* _Working data_
= Beginning of Section =
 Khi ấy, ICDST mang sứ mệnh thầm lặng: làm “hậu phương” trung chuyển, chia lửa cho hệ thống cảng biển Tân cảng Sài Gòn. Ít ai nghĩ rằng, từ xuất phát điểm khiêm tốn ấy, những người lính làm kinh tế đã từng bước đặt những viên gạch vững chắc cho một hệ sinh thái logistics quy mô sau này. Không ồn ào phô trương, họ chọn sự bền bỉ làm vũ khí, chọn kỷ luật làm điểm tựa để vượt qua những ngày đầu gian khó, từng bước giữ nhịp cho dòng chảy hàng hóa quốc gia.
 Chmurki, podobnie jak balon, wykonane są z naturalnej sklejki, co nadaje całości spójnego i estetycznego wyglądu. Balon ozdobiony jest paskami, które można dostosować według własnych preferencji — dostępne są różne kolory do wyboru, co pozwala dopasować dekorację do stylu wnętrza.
= End of Section =
= Beginning of Section =
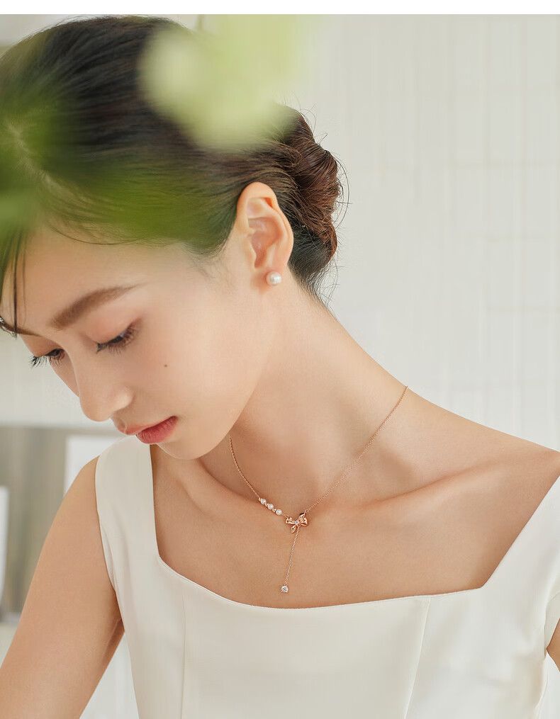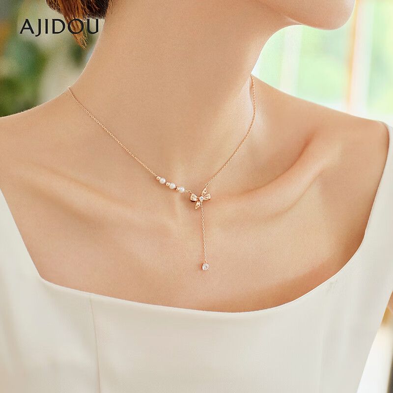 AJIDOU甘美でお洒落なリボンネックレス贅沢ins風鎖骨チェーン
= End of Section =
* _To do_
Using the material above, transcribe exactly the lines from the line with "Khi ấy, ICDST" to the line with "Chmurki, podobnie jak"; both count, and nothing else goes in.

* _Solved problem_
 Khi ấy, ICDST mang sứ mệnh thầm lặng: làm “hậu phương” trung chuyển, chia lửa cho hệ thống cảng biển Tân cảng Sài Gòn. Ít ai nghĩ rằng, từ xuất phát điểm khiêm tốn ấy, những người lính làm kinh tế đã từng bước đặt những viên gạch vững chắc cho một hệ sinh thái logistics quy mô sau này. Không ồn ào phô trương, họ chọn sự bền bỉ làm vũ khí, chọn kỷ luật làm điểm tựa để vượt qua những ngày đầu gian khó, từng bước giữ nhịp cho dòng chảy hàng hóa quốc gia.
 Chmurki, podobnie jak balon, wykonane są z naturalnej sklejki, co nadaje całości spójnego i estetycznego wyglądu. Balon ozdobiony jest paskami, które można dostosować według własnych preferencji — dostępne są różne kolory do wyboru, co pozwala dopasować dekorację do stylu wnętrza.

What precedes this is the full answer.